It sounds like it was the cleaning. You need to use neck lube after a good water and detergent cleaning or wet tumbling. I bought some wet tumbled pistol brass, and even this pistol brass stuck to my expanding die and caused galling. In two different calibers. A pull thru rifle expander may have to work much harder than a pistol expander.
Sidenote: when you put tension on a tube of brass, it gets just a tiny bit longer... and a tiny bit thinner, too. So when the expander starts to stick in the neck, the harder you pull, the tighter it gets! This is why you often need neck lube to expand rifle cases, but not pistol cases. At this point, lube may or may not adequately fix the problem. Even if your dies are in spec, the case necks may be exceptionally thick.

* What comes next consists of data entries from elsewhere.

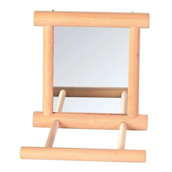 Beschäftigung für kleine Vogelarten bietet dieser Landespiegel mit Holzrahmen zum Einhängen ins Käfiggitter. Mit Sitzstange.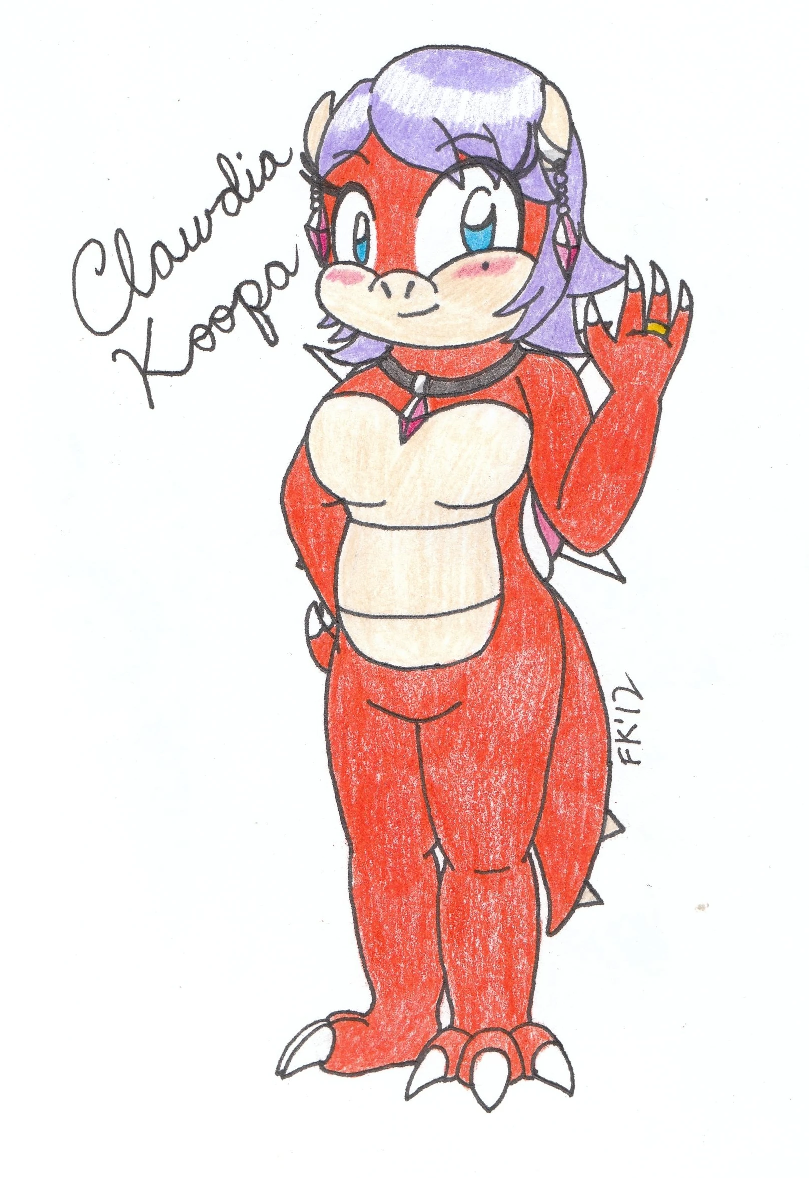 Clawdia Koopa's appearance is very similar to Bowser Koopa she is a koopa, but her body is orange instead of yellow she has a pink shell which is what her daughter Wendy O. Koopa has and has pink hair. She also wears a pink, red and black dress the same as Serena from Pokemon XY and a blue jacket over her dress and wears a pink diamond necklace and pink diamond hornrings with a birthmark on her left cheek. She has blue eyes as well.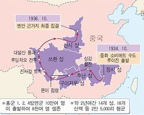 홍군은 국민당군의 포위와 추격을 뚫고 탈출해 대장정에 오르니 2년간 18개 산맥을 넘고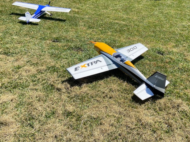 We also welcomed a new member, Allen Massey, to our club today. Allen had flown radio control planes in the past, and despite a 20 year hiatus, he performed two flights very well with Robert Yanacek's popular Valiant aircraft. Allen also brought his new plane, a beautiful E-flite Extra 300, to the field for "show and tell."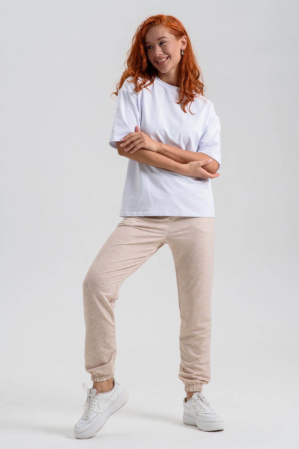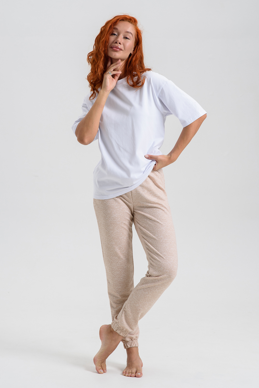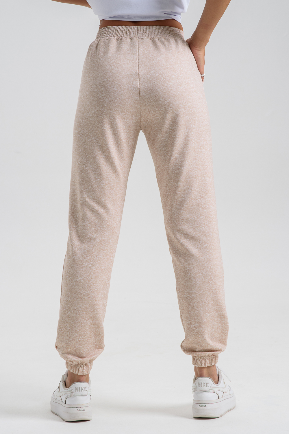 Женские джеггинсы изготовлены из мягкой приятной к телу ткани с добавлением хлопка и эластана. Высокая посадка, слегка зауженный силуэт обеспечивают свободу движений и комфорт в носке. Пояс на резинке. Карманы в боковых швах.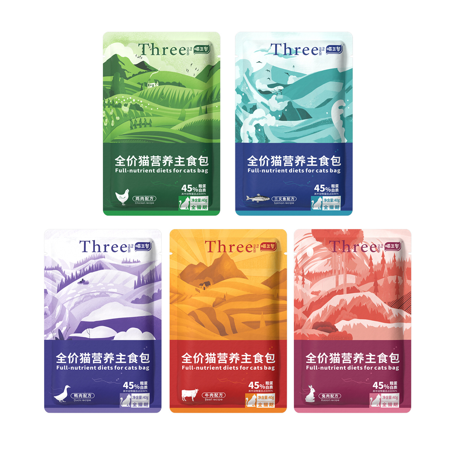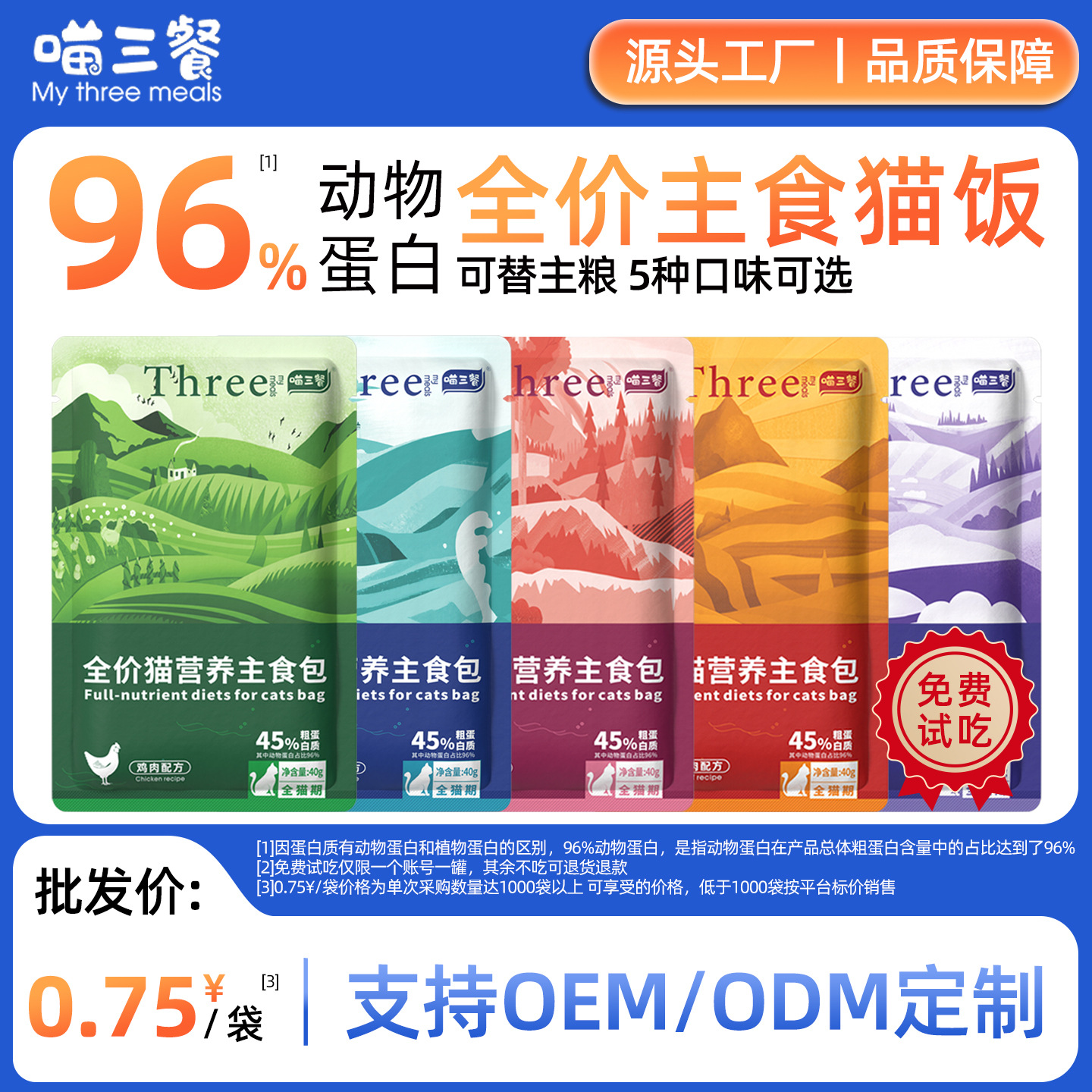 Корм для кошек Meow Three Meals: полнорационный набор с курицей и говядиной, свежее мясо для котят, свежезапечатанная упаковка, питательный влажный корм для домашних животных оптом

In almost every case of dies sticking in brass cases it's improper or inadequate lubing. It's not the dies, it's not the prep and you don't need to buy more expensive dies, fix the lube problem.
My Hornady 7mm die must be exceptional. I'm a pretty strong guy, and I would not make it through 100 neck lubed cases with this die and stock expander.
you don't need to buy more expensive dies
Personally, I rather buy a $30.00 die than to neck lube every case and then either wash each case or suffer powder sticking and clogging the necks along with reduced neck tension/friction. If you have not had expanding problems, you obviously would not consider buying an alternative solution. When you do run into problems, remember the M die. Once you've used it, you might buy one for other calibers, even. No neck lube, less effort, no inside chamfer, more consistent neck tension even on untrimmed brass, better concentricity (if you are having problems), zero bullet scraping, being able to decap primers from problem brass without redundantly resizing/expanding or changing out the expander ball. Just a few of the side benefits.
You don't need a lot of things in reloading. You could get by with a Lee Loader and a hammer.
As many steps you need to mind in rifle reloading, it baffles me that all major die manufacturers think that combining sizing and expanding is a good tradeoff for the additional work it creates and potential problems it may cause.
Sidenote: I have also had problem seating cast rifle bullets concentrically, and I had some improvement with a competition seater die. But once I got the M die, the comp seater is now completely useless.